« Nageur de rivière » fait partie de ces huit recueils de novellas qu’a fait paraître Jim HARRISON. Il est aussi l’un des deux seuls où ne figure pas son héros récurrent Chien Brun (le premier était le recueil « Légendes d’automne »). Il est enfin l’unique dans lequel n’apparaissent que deux novellas (tous les autres recueils en comportent trois). Ces deux textes sont sortis en 2014.
« Au pays du sans-pareil » qui se lit comme un roman (et en possède d’ailleurs le format) met en scène Clive, 60 ans, divorcé d’avec sa femme Tessa depuis 20 ans. C’est à cette même époque qu’il a arrêté de peindre, est devenu enseignant. Il retourne dans le Michigan de son enfance afin de s’occuper de sa vieille mère seule de 85 ans, ornithologue amatrice. Avec Tessa, il a eu une fille, Sabrina, aujourd’hui bien plus riche que lui. Sur les terres de sa jeunesse, il revoit Laurette, un flirt d’adolescence et lui propose de peindre son portrait en déshabillé, ce qui l’encouragerait à se remettre à la peinture.

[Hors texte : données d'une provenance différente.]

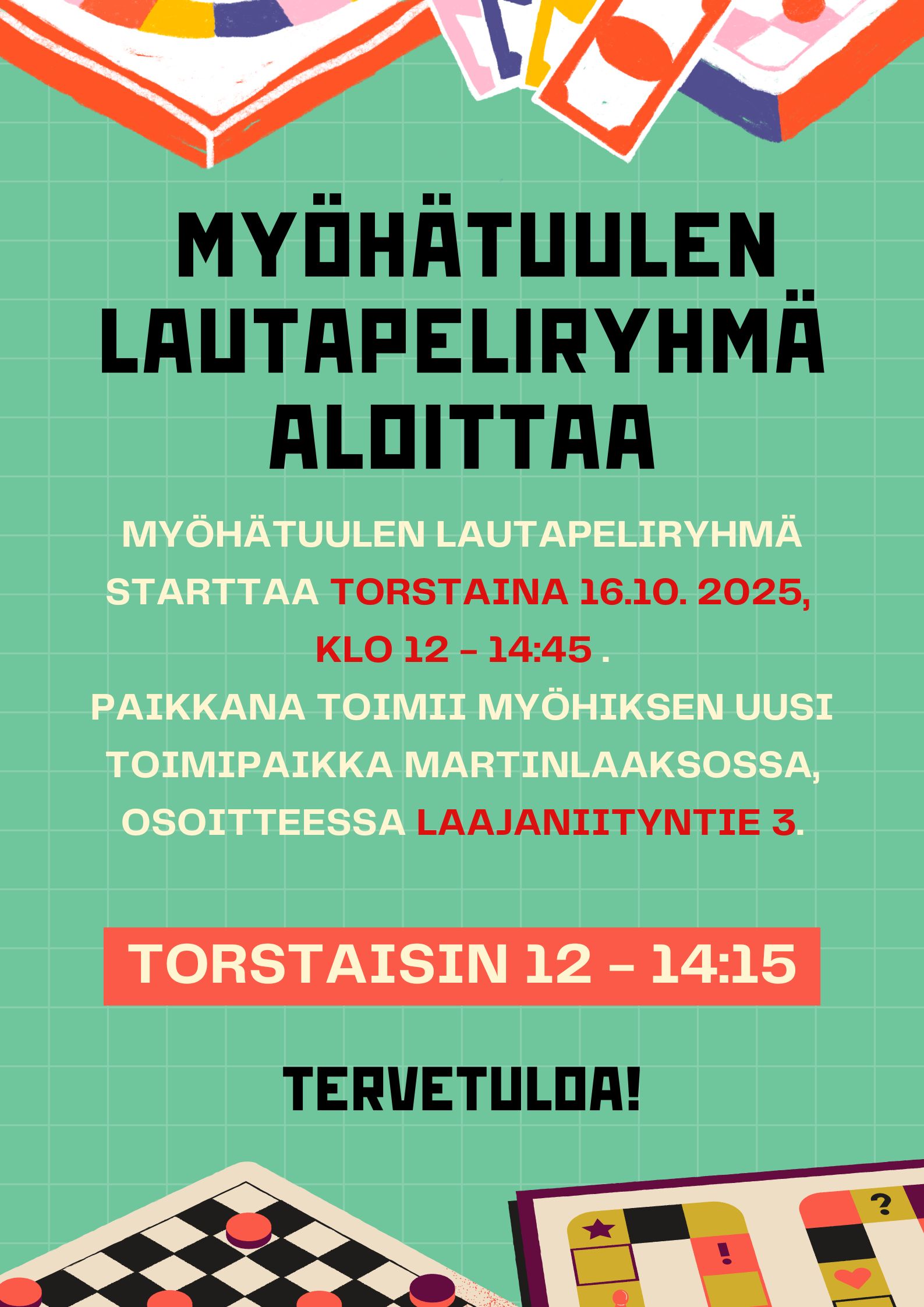 Myöhätuulen lautapeliryhmä aloittaa toimintansa torstaina 16.10 klo. 12.00. Paikkana Myöhiksen uudet tilat Martinlaaksossa, osoitteessa Laajaniityntie 3.

Laurette est cependant en couple avec une certaine Lydia dont le charme et les manières naturelles ne sont pas pour déplaire à Clive.
Dans ce récit, le héros, entouré uniquement de filles et femmes, va voir passer ses souvenirs, les meilleurs comme les plus sombres, mais toujours racontés avec un humour hors du commun par ce grand conteur qu’était Jim HARRISON. Une fois n’est pas coutume, nous assistons à une « happy end », mais pas nunuche.
« Nageur de rivière » est sans nul doute l’un des plus beaux textes écrit par Big Jim. Bien plus court que le précédent, son personnage principal en est Thad, un jeune homme de 18 ans, sang mêlé et idéaliste. Il est ami avec Laurie, mais le père de cette dernière est un être répugnant, violent et autoritaire qui ne veut pas qu’un homme comme Thad tourne autour de sa fille. Il le frappe durement, Thad doit s’enfuir et décide de rejoindre Chicago à la nage.
Car Thad est un amateur passionné de rivières et d’étendues d’eau : il nage comme un poisson, à une vitesse prodigieuse, sans toutefois faire état de volonté de compétition ni de records. L’eau est sa deuxième maison (parfois sa première). « Lorsque nous sommes plongés dans une extrême solitude, nous ne connaissons plus rien de la vie ni de la mort, et la réalité de l’eau nous réconforte ». Dans l’étang près de chez lui, il observe régulièrement et avec amour ce qu’il appelle « les bébés aquatiques », de petites truites qui le fascinent.
Il va se rapprocher d’Emily qui croit en lui, lui le messager de la paix, opposé à l’absurdité de la violence. « Qui sait pourquoi les hommes deviennent des brutes ? Cela commence sans doute très jeune. (…) Il existe évidemment des filles brutales, mais moins que des garçons ». Ensemble ils voyagent jusqu’en France, c’est là-bas qu’un drame se produit…
De nombreuses péripéties vont émailler le récit, drôle mais sobre. Thad est l’une de ces figures littéraires qui marquent la littérature. En un sens, il n’est pas si loin du prince Mychkine, « L’idiot » de DOSTOIEVSKI (qu’HARRISON vénérait). Ce texte est aussi fort que court, il est l’un des chefs d’oeuvres du maître conteur. Si vous n’avez encore jamais pratiqué HARRISON, ce recueil est sans aucun doute le moyen parfait pour le découvrir : tendresse, humour, grâce, anecdotes et surtout personnages puissamment charpentés. Il est beaucoup moins politiquement incorrect que le reste des œuvres d’HARRISON, qui l’a écrit alors qu’il avait environ 75 ans et se dirigeait vers l’hiver de sa vie avec une lucidité déconcertante, d’où peut-être ces portraits touchants, qui débordent beaucoup moins qu’à l’accoutumée, et qui pour tout dire devraient être étudiés en classe tellement ils sont beaux et simples. Un immense cadeau que nous a fait Jim quelques années avant sa mort.